# Are my fish fighting URGENT reply please I'm concerned



## jackass63

I'm really new to fish keeping but thought I was doing a good job up until a few moments ago. 

I have three small fantail fish (one is a blackmoore) in a 13 US gallon tank or a 10 gallon UK tank. 

Like most first time fish keepers I didn't do my research first thinking that goldfish were easy to care for. I started out with a bowl and some flakes on reccomendation of the pet shop keeper.

Luckily I soon found out this was wrong and got this much bigger tank which I thought would be fine for a good while.

I will explain some things now that might help to determine my problem:

I have a gold fantail, a red and white fantail and a blackmoore.

They are all relatively young and quite small though they have got bigger already (I've only had the tank a month or so.)

I recently got my water tested at the aquarium and they said my tank was near perfect and I believe them as they didn't try to sell me anything. No ammonia or anything.

I got the first fish (the gold fantail) bought for me as a joke birthday present that has ended up costing me a ridiculous amount.

So I don't know if fish are territorial but he owned the tank first. A few days later I added the two other fish at the same time.

The blackmoore is the biggest and the red and white fish is the smallest with the first fish being somewhere in the middle. 

There aren't many personality distinctions between the fish except the smallest is the most shy, wary but also the biggest scavenger. I'm pretty sure it is a girl fish as it only has one anal fin. She is the only one that goes inside my decorative Egyptian pot and into the castle. She loves her hiding spots.

All the fish were getting along great everytime I look at them. They are usually doing there own thing but occassionaly they will swim calmly next to eachother and never bother one another. 

NOW FOR THE PROBLEM:

Today I was watching my fish and for the first time I saw aggression and I am now very worried. My gold fish, keeps chasing after the red and white one in a frenzy. She is scared and swims away as fast as possible. Luckily she is faster than him and gets away but he will try again every minute or so and she must be living in terror.

Also, I don't think it's a mating thing as they are all still young and both the black one and the gold one are male, and this is the second part of the problem. The gold fish chases the blackmoore as well but with the black fish being bigger he doesn't swim away and it looks like they fight eachother. Despite being smaller the gold one is the one that starts the fights all the time and the blackmoore does try and get away but not in a panic like the little one, he stands his ground.

So I'm really concerned about the welfare of my fish. I believe I may need a bigger tank but I thought I had until the water started going cloudy or the fish were noticeably huge. 

I will include some pictures so you can get an idea of how big the tank is in relation to the fish (it looks fine to me). 
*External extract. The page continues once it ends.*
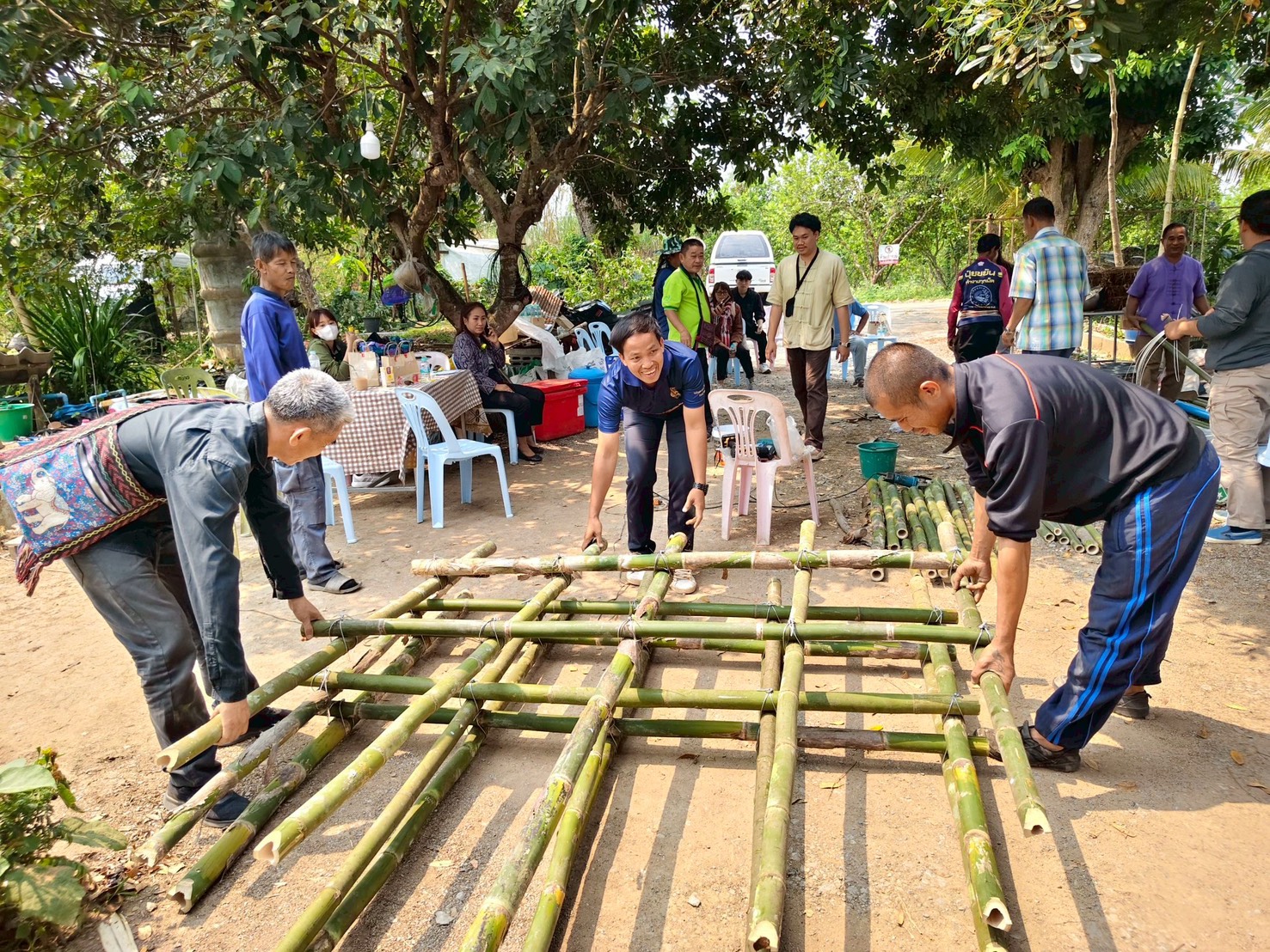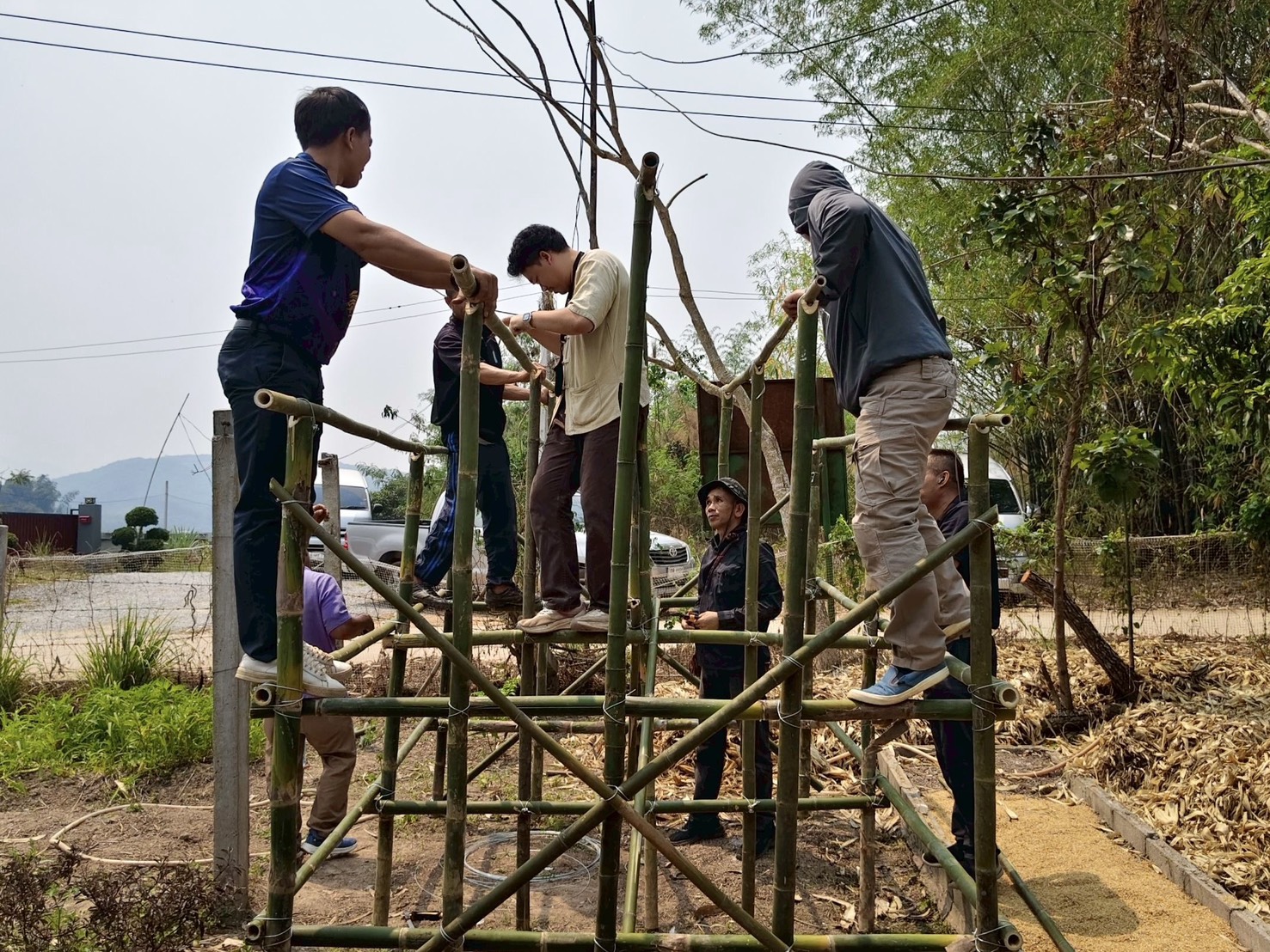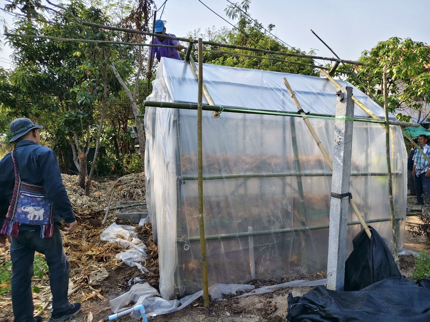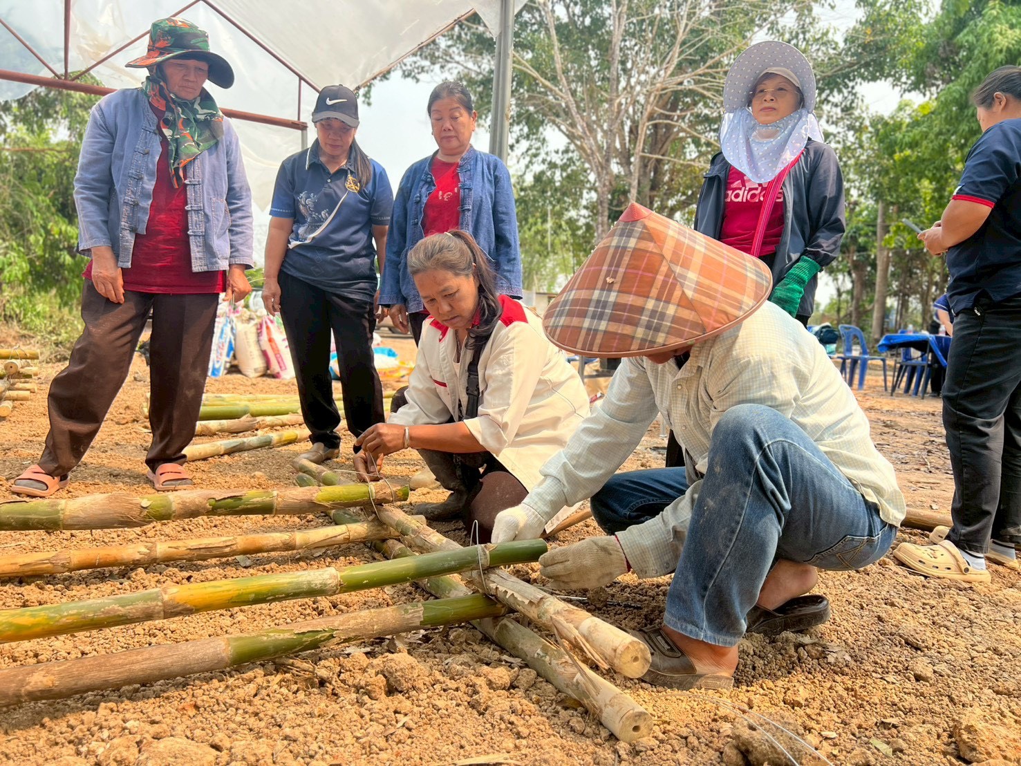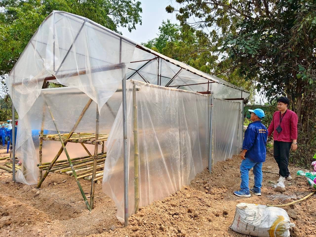 กิจกรรมนี้มุ่งเน้นการพัฒนาทักษะอาชีพให้แก่เกษตรกรในพื้นที่นำร่อง 4 ตำบลในอำเภอเวียงแก่น จัดทำโรงเรือนเห็ดลดเผา 8 ต้นแบบ ได้แก่ เกษตรกรบ้านขวากเหนือ บ้านท่าข้าม ในพื้นที่เทศบาลตำบลท่าข้าม เกษตรกรบ้านหล่ายงาว บ้านทุ่งทราย ในพื้นที่เทศบาลตำบลหล่ายงาว เกษตรกรบ้านม่วงยาย บ้านม่วง ในพื้นที่เทศบาลตำบลม่วงยาย เกษตรกรบ้านปอ บ้านปอกลางในพื้นที่เทศบาลตำบลปอ อำเภอเวียงแก่น จังหวัดเชียงราย ในการอบรมมีการถ่ายทอดองค์ความรู้ด้านการก่อสร้างโรงเรือนเพาะเห็ดด้วยวัสดุท้องถิ่น เช่น ไม้ไผ่ ซึ่งเป็นวัสดุที่หาได้ง่าย มีต้นทุนต่ำ และเหมาะสมกับบริบทของชุมชน พร้อมทั้งสาธิตขั้นตอนการออกแบบและลงมือปฏิบัติจริง รวมถึงการสาธิตการเพาะเห็ดจากวัสดุเหลือใช้ทางการเกษตร ได้แก่ เปลือกข้าวโพด เพื่อเพิ่มทางเลือกในการใช้ทรัพยากรอย่างคุ้มค่า เน้นการนำวัสดุเหลือใช้ มาเป็นวัตถุดิบในการเพาะเห็ดฟางในโรงเรือน ซึ่งเป็นแนวทางที่ช่วยลดการเผาในพื้นที่การเกษตร อันเป็นสาเหตุสำคัญของปัญหาไฟป่าและหมอกควัน รวมถึงช่วยลดปริมาณฝุ่นละอองขนาดเล็ก (PM2.5) ในพื้นที่ นอกจากนี้ ยังเป็นการส่งเสริมอาชีพและสร้างรายได้เสริมให้กับครัวเรือนในชุมชน ผ่านการพัฒนาเป็นแหล่งเรียนรู้ต้นแบบระดับท้องถิ่น ที่สามารถขยายผลสู่ชุมชนอื่นได้ในอนาคต

Some other useful information to diagnose the problem and hopefully a solution:

They are fed plenty but also a variety. I have flakes, pellets and bloodworms. They shouldn't be fighting for food.

The gold one is the first owner of the tank and without me knowing he might be the dominant fish in there though he has never had to show it before.

I do have a small bowl which is nowhere near ideal. It doesn't have an airpump or a filter but temporarily I could take the gold one out and put it in that. Maybe after a day if I put it back in the big tank it would be more pacified and maybe realise it is not the dominant one or maybe even think it is in a new home and the other two fish have been there longer.

I WILL NOT DO THAT LAST PARAGRAPH UNTIL ONE OF YOU FISH EXPERTS RECCOMENDS IT INCASE IT DOES DAMAGE TO THE FISH.

I'm really sorry for such a long post but I'm concerned, need it sorted ASAP incase my fish are in danger and I wanted to be as helpful as possible but maybe I've rambled too much.

I will leave you with a couple of pictures so you can get an idea of the size of the tank and what the fish look like:


----------



## FishMatt

*Reply*

Okay I my be a fine one to speak but those goldfish need more space a single goldfish needs about 23 gallons to itself that is probably your problem.


----------



## jackass63

I was under the impression that whilst young and small they need less space and then when they are older I can get a bigger tank. Is this not correct? The guy in the aquarium said I had around 18 months.

You see, this would be ideal as I can save a few pounds per week for a year and be able to get the biggest tank that will fit in my room.

The trouble is I am in a very low paid job and the tank I would need is around £110. I can not afford to buy that now or for a good while. Maybe I could if I did my research first and didn't just spend £80 on the tank I currently have - I KNOW HOW STUPID I AM AND AM BEATING MYSELF UP ABOUT IT NOW! 

But unfortunately as I've just invested a lot in this tank its gonna be at least 6 months to a year until I can get an upgrade.

Is there anything I can do in the meantime?


----------



## FishMatt

Well just in case I'm wrong wait for another opinon, But I'm not sure their is much you can do.


----------



## jackass63

Whilst I wait for another opinion maybe you could relieve a little bit of stress for me. I just want to know what the most is gonna happen.

Will it be they will be chasing eachother a little violently for a while or could I wake up one day and the gold fish has taken off fins of the little ones or killed the blackmoore somehow? I don't know how aggressive fantail fish can be and want to know that the lives of them aren't in immediate danger.


----------



## FishMatt

Goldfish aren't big fin nipers they shou'nt bite the fins


----------



## snyderguy

They should be fine in that size of a tank while they're small but you will have to get a bigger tank as they grow. As for the fighting, try re-organizing all the decorations and plants. It'll come off as a whole new environment to them so they'd have to mark territories again. If that doesn't work, then I wouldn't be too worried unless the one being picked on is showing nip marks or anything else.


----------



## pinetree

Well you already know that you are overstocked. With three fancy goldfish, you would need at minimum a 40 gallon breeder sized tank (not sure what the UK equivalent would be though). A 55 gallon would be better.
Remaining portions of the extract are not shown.